Подруга вскинула руки.

– Даже не знаю, что и сказать. Весь последний год ты пыталась понять, что у вас с Коннором за отношения. И, кажется, всё это время ты страдала.

– Так и есть. Возможно, между нами действительно всё кончено, или мне нужно самой порвать с ним.

При мысли о том, что я потеряю Коннора, мое глупое сердце решительно запротестовало.

– Как я могу с ним порвать, пока он на фронте? – спросила я. – Одному Богу известно, через что им приходится проходить каждый день.

– И всё же он мог бы сказать, что ты для него важна, небось не развалился бы. Как тебе, должно быть, тяжело! – Руби посмотрела на меня. – Ты заслуживаешь лучшего, чем вот такое молчание. Ты же для него не друг по переписке, ты его девушка.

– Знаю, но это вопрос жизни и смерти. – Я подошла к стоявшему у окна столу и открыла свой ноутбук. – Отправлю ему электронное письмо. Напишу, что думаю о нем, что он может ответить мне в любое время или не отвечать вовсе, что мы поговорим, когда окажемся лицом к лицу.

– Справедливо, – заметила Руби. – Но так ты ничего не решишь.

– Пускай, – ответила я, щелкая по значку почты на экране, – но, по крайней мере, так я хоть что-то сделаю. Я…

У меня вырвался полузадушенный возглас. Самое верхнее письмо пришло от Армии Соединенных Штатов, Департамент помощи семьям военнослужащих. Отправлено сегодня днем, менее десяти минут назад.

– О, боже мой…

Сердце так громко заколотилось у меня в груди, что я почти не слышала собственных слов.

– Что такое? – встревожилась Руби.

– Иди сюда. Скорее.

Трясущейся рукой я провела по тачпаду и открыла письмо. Руби подошла и положила руки мне на плечи. Дочитав до второй строчки, я услышала какой-то отдаленный крик. Думаю, его издала я сама. Я пошатнулась на стуле, и Руби меня обняла. Мы читали вместе:

Семьям и друзьям 1-го батальона 22-го пехотного полка

13 июня 20–, пехотный полк 1–22 участвовал в столкновении, в результате которого один солдат был убит в бою.

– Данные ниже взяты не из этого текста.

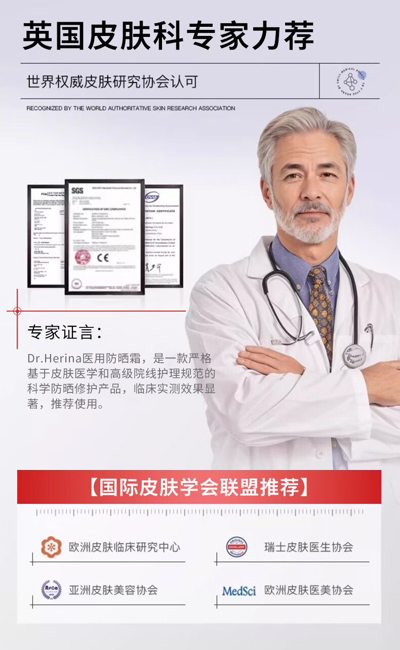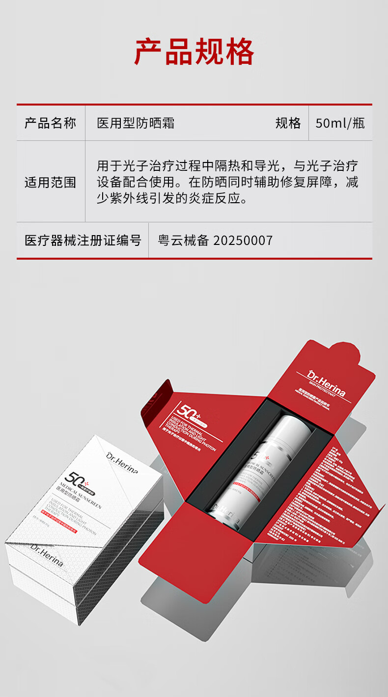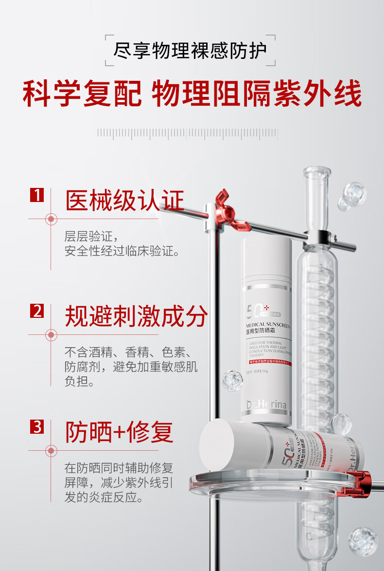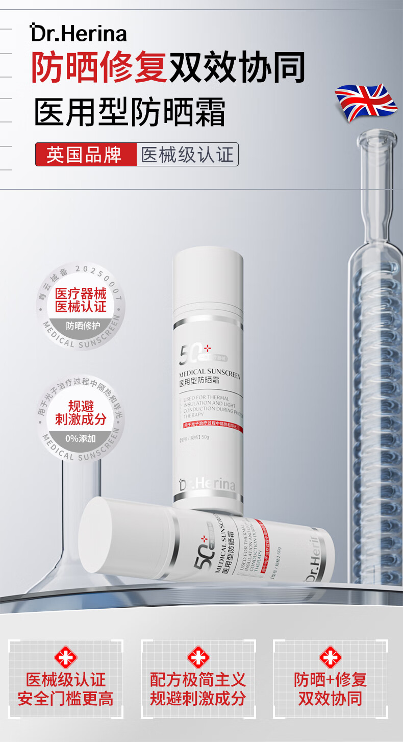 DR.HERINA医用防晒霜械字号激光微针术后敏感肌肤阻隔紫外线防晒防汗不油腻 医用防晒霜1瓶50ml

Родственники погибшего извещены.

От имени пехотного полка 1–22 выражаю свои соболезнования семье погибшего солдата. Мы проведем торжественную церемонию поминовения, когда будет определено время и место.

Пожалуйста, поминайте в своих молитвах всех членов пехотного полка 1–22, а также всех военнослужащих действующей армии. Благодарим вас за вашу неизменную поддержку.

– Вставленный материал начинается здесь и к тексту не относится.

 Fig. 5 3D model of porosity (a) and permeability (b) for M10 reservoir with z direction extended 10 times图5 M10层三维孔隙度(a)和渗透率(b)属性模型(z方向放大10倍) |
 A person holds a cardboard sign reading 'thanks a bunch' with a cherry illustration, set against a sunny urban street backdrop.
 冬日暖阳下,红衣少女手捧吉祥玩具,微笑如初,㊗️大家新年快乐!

– Это… – голос Руби сорвался, и она начала снова. – И всё? Это всё, что они написали? Один человек убит в бою, но они не говорят, кто именно?

– Сначала они сообщают семье, – сказала я ничего не выражающим тоном. – Пока одну конкретную семью не известят, все остальные будут пребывать в неведении.

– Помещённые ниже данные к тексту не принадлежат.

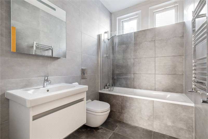 The kitchen is fitted with crisp cabinetry and integrated appliances, while the engineered hardwood flooring flows seamlessly throughout. On the lower level, a generous double bedroom is served by a wellappointed family bathroom finished with oversized tiles and elegant fittings, and the mezzanine level incorporates its own en suite for added privacy and comfort.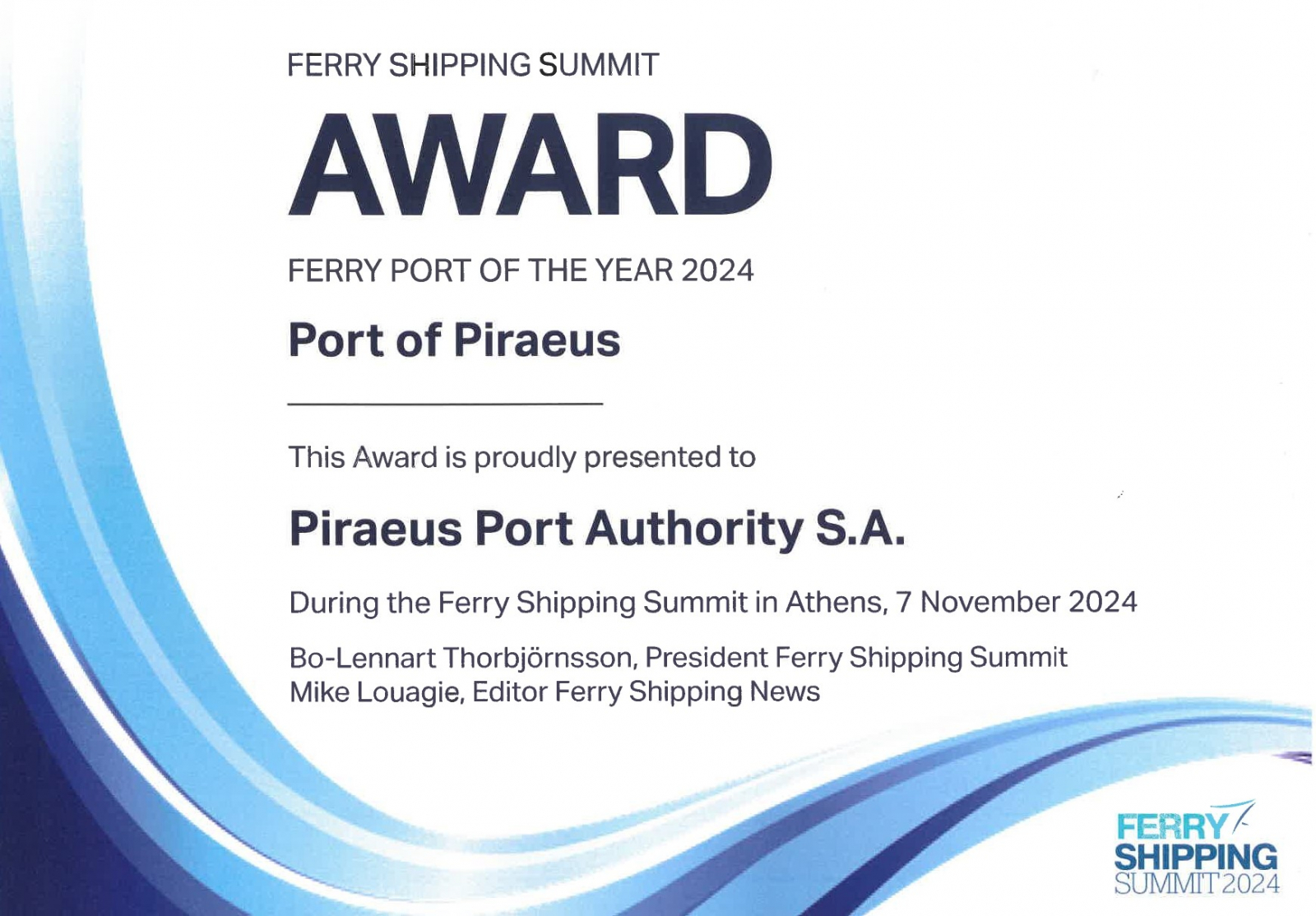 Το Λιμάνι του Πειραιά διακρίθηκε εκ νέου για τις επιδόσεις του στον τομέα της μεταφοράς επιβατών αυτή τη φορά, λαμβάνοντας το βραβείο «Ferry Shipping Port of the Year 2024», σε ειδική εκδήλωση, η οποία πραγματοποιήθηκε στο πλαίσιο της Ευρωπαϊκής Διάσκεψης για την Ακτοπλοΐα-European Ferry Shipping Summit.

«Вот почему в последнее время от Коннора не было никаких вестей. Потому что он мертв. Коннор мертв. Или Уэстон…»

– О, черт, Руби…

Мы сидели и потрясенно молчали, осмысливая только что прочитанные слова. «Один солдат был убит в бою». Меня охватил невыразимый ужас, мысли путались, я думала то об одном, то о другом своем любимом человеке, сердце ныло и болело – я в равной степени боялась за них обоих. Каждый удар моего сердца звучал как имя. Коннор, Уэстон, Коннор, Уэстон… каждый мой выдох превратился в молитву за одного из них.

За них обоих.

«Я не могу потерять ни одного из них. Боже мой, пожалуйста…»

Тишину разорвал звонок моего телефона, и я едва не упала со стула.

– Господи Иисусе… – воскликнула Руби.

Я встала и на трясущихся ногах, точно зомби, доковыляла до сумочки, которую оставила на диване.

– Это мама Коннора. – Медленно, как ядовитую змею, я приложила телефон к уху. – Здравствуйте, миссис Дрейк.

– Здравствуй, милая, – сказала Виктория Дрейк напряженным голосом. – У меня есть новости.

Глава вторая

Отем

Самолет приземлился в Балтиморе, и мы с Руби взяли напрокат машину.